With Japan’s stock market back at levels last seen in 1990 and long term spectres of deflation and cross shareholdings moving towards the past tense, Japanese equities are among the most favoured markets by Liontrust multi-asset team.
With the Nikkei breaching the 30,000 level for the first time in three decades in February, and the Japanese economy proving to be among the world’s most resilient in 2020, Jen Causton, an investment manager on the Liontrust multi-asset team, said they continue to be positive about a cheap market benefitting from a global recovery.
“Japanese equities are currently rated a four on our target asset allocation (with one the most bearish and five the most bullish), and we see several attractions for what remains a cheap market – albeit with the potential Covid 19 and vaccine red flags to keep in mind,” said Causton.
“Japan has a large proportion of old economy cyclical and value businesses and its broad exposure to industrials and exporters means the country is well placed amid an ongoing global rebound and reflation,” she added.
Analyst upgrades
With US bond yields starting to rise after a long period of decline, Causton said the general perception is that this tends to benefit old-economy names and penalise growth, or long duration, stocks.
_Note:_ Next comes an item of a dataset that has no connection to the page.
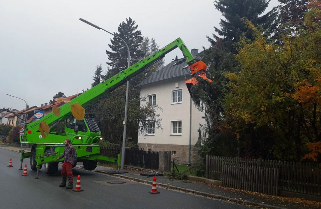 Mit Hilfe des betriebseigenen Fällkran ist es möglich, Bäume extrem sicher und effizient abzutragen. Vor allem im urbanen Bereich mit wenig Platz ist diese Methode oft die beste Wahl. So werden wir oft von Städten und Kommunen, aber auch als Subunternehmer für Spezialbaumfällungen, sowie im privaten Bereich gebraucht. Durch die hohe Sicherheit waren wir bereits mit dem Fällkran neben denkmalgeschützten Gebäuden und an Straßen schon oft im Einsatz. Da sich niemand im Gefahrenbereich befindet, ist diese Arbeitsweise auch für den Mensch das sicherste Mittel.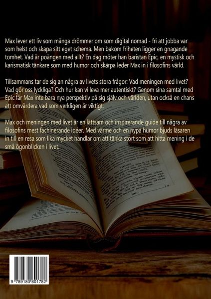 Max lever ett liv många drömmer om som digital nomad, fri att jobba var som helst och skapa sitt eget schema. Men bakom friheten ligger en gnagande tomhet: Vad är poängen med allt? En dag möter han baristan Epic, en mystisk och karismatisk tänkare som med humor och skärpa leder Max in i filosofins värld. Tillsammans tar de sig an några av livets största frågor: Vad är meningen med livet? Vad gör oss lyckliga? Och hur kan vi leva mer autentiskt? Genom sina samtal med Epic får Max inte bara nya perspektiv på sig själv och världen, utan också en chans att omvärdera vad som verkligen är viktigt. "Max och meningen med livet" är en lättsam och inspirerande guide till några av filosofins mest fascinerande idéer. Med värme och en nypa humor bjuds läsaren in till en resa som lika mycket handlar om att tänka stort som att hitta mening i de små ögonblicken i livet.

As a result, she said areas like technology are thought to be under greater threat as they rely on future earnings and are therefore more vulnerable to an increase in the bond yield used to discount those earnings.
“Overall, Japan has seen a recent pick-up in earnings and analyst upgrades ahead of the US – as would be expected considering the make-up of those respective markets – putting it alongside Europe (including the UK) as a good reflation play,” she said.
“Corporate debt is also fairly low and companies, on the whole, are managed sensibly and conservatively; the long-term criticism has been that they are also run without much diversity, transparency or for the benefit of external shareholders, but again, there are signs this is beginning to change.”
Fostered complacency
Cross shareholdings have traditionally been seen as the worst example of poor transparency, where Japanese companies invest in each other and protect underperforming management teams via a cushion of automatic shareholder support.
While this practice has been declining since the 1990s, Causton noted that about 11% of Japan’s listed companies still have a listed shareholder owning more than 30%, compared with just 0.9% in the US and 0.2% in the UK.
“Critics suggest this has fostered complacency, low returns on equity and poor governance, but developments such as 2015’s corporate governance code and new rules on the Tokyo Stock Exchange (TSE) suggest it could be edging closer to extinction,” she said.
Sloth-like inflation
Meanwhile after a lengthy battle with deflation, in July 2019 the Bank of Japan (BoJ) Governor Haruhiko Kuroda declared ‘victory’, claiming that for the for the first time in about 15 years Japan’s economy was no longer in deflation.
“While deflation is not expected to return, Kuroda has acknowledged the need for vigilance on price moves – putting the BoJ among the many central banks basically collaborating with governments to chart a course through covid,” added Causton.
“New forecasts are for just 0.1% inflation for the fiscal year ending March 2022, down from a previous outlook of 0.5%, and, in contrast to many other countries where concerns are increasing about rising prices, Japanese inflation is not expected to breach 1% until the year ending March 2024.”
To invest in Japan, the Liontrust multi-asset team’s preference is to blend growth, value and core/index funds. Causton explained that while value managers currently see potential for a sustained rotation, there also ample growth opportunities in areas such as digital working.
As a result, alongside a holding in Man GLG CoreAlpha, a value orientated fund managed by Jeff Atherton, the team also hold the more growth-orientated Baillie Gifford Japanese Fund, run by Matthew Brett.